%%

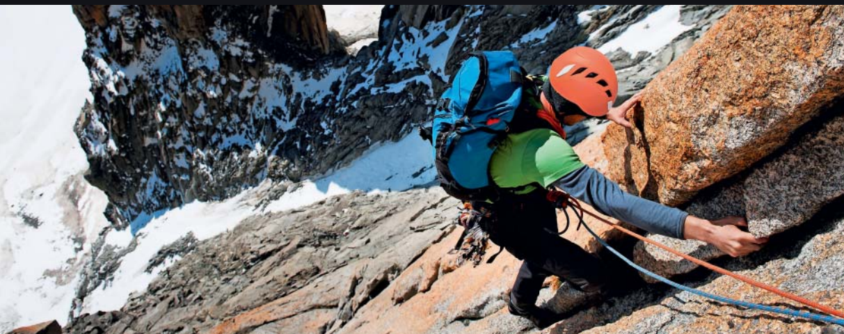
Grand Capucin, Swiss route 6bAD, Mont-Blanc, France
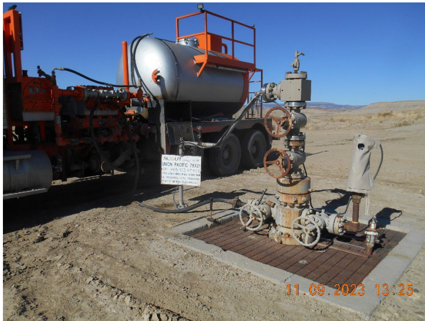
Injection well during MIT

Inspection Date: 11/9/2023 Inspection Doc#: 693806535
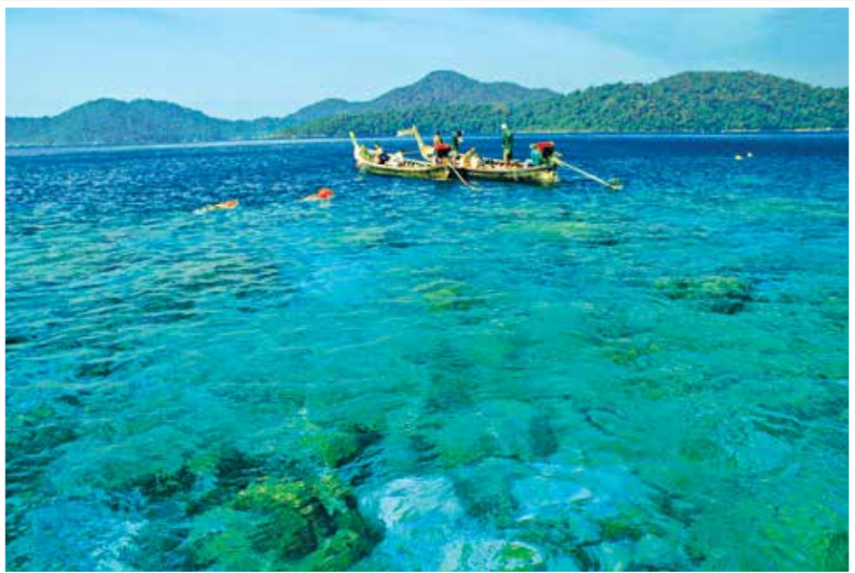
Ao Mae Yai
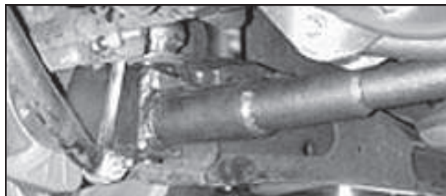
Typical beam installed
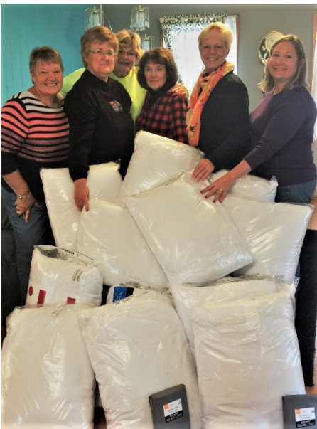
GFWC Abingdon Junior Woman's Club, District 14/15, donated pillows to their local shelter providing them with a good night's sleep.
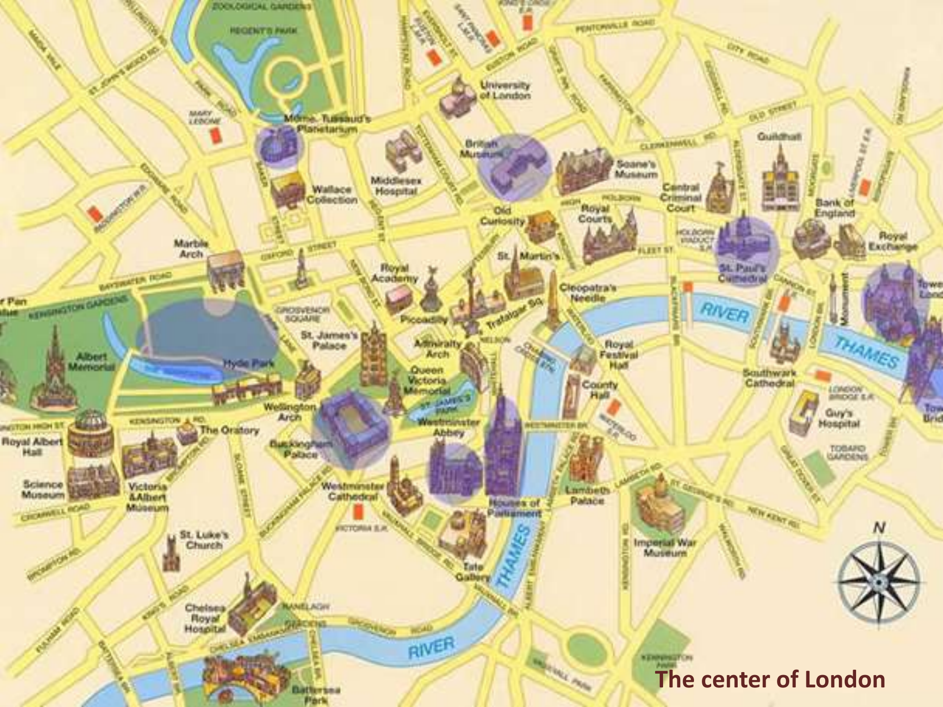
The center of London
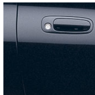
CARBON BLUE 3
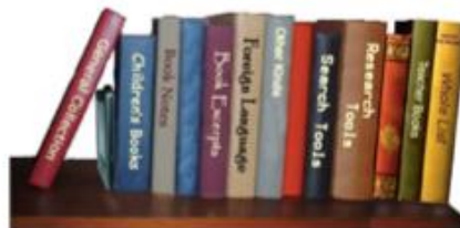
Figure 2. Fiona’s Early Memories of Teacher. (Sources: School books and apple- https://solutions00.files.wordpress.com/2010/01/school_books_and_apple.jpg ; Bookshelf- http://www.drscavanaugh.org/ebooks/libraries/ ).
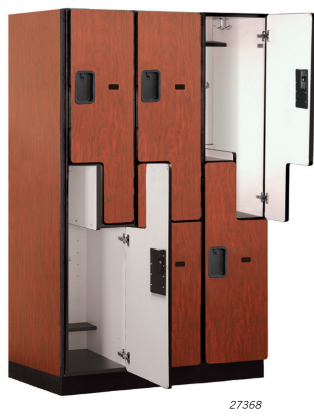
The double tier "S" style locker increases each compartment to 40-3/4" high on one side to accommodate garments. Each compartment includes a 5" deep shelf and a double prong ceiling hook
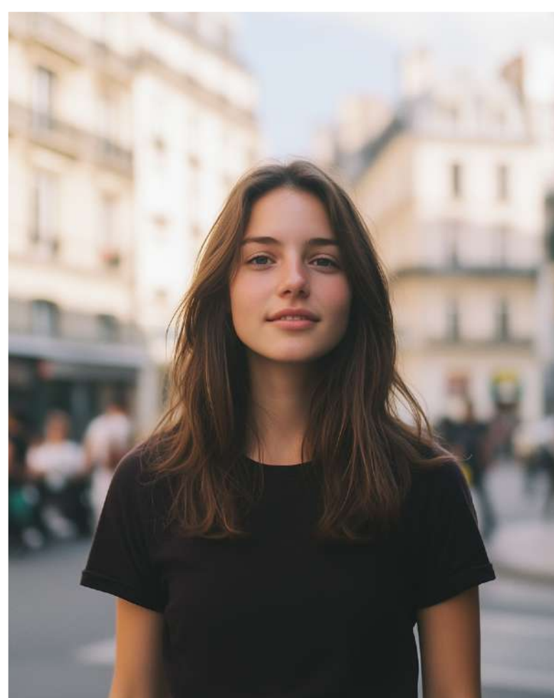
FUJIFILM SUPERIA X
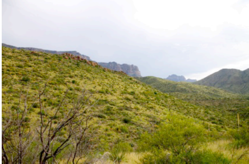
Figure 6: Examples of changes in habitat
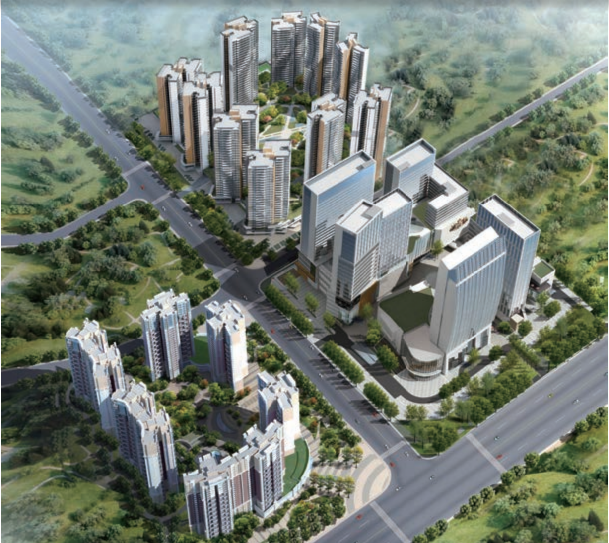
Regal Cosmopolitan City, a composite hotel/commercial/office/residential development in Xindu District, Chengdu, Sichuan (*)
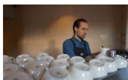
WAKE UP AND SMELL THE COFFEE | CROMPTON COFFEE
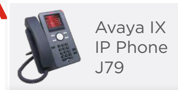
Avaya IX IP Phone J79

%%

[TASK BRIEF]:
Could the material above be written out again word for word, with the pictures dropped?

[SOLUTION FOR THIS EXERCISE]:
Grand Capucin, Swiss route 6bAD, Mont-Blanc, France
Injection well during MIT

Inspection Date: 11/9/2023 Inspection Doc#: 693806535
Ao Mae Yai
Typical beam installed
GFWC Abingdon Junior Woman's Club, District 14/15, donated pillows to their local shelter providing them with a good night's sleep.
The center of London
CARBON BLUE 3
Figure 2. Fiona’s Early Memories of Teacher. (Sources: School books and apple- https://solutions00.files.wordpress.com/2010/01/school_books_and_apple.jpg ; Bookshelf- http://www.drscavanaugh.org/ebooks/libraries/ ).
The double tier "S" style locker increases each compartment to 40-3/4" high on one side to accommodate garments. Each compartment includes a 5" deep shelf and a double prong ceiling hook
FUJIFILM SUPERIA X
Figure 6: Examples of changes in habitat
Regal Cosmopolitan City, a composite hotel/commercial/office/residential development in Xindu District, Chengdu, Sichuan (*)
WAKE UP AND SMELL THE COFFEE | CROMPTON COFFEE
Avaya IX IP Phone J79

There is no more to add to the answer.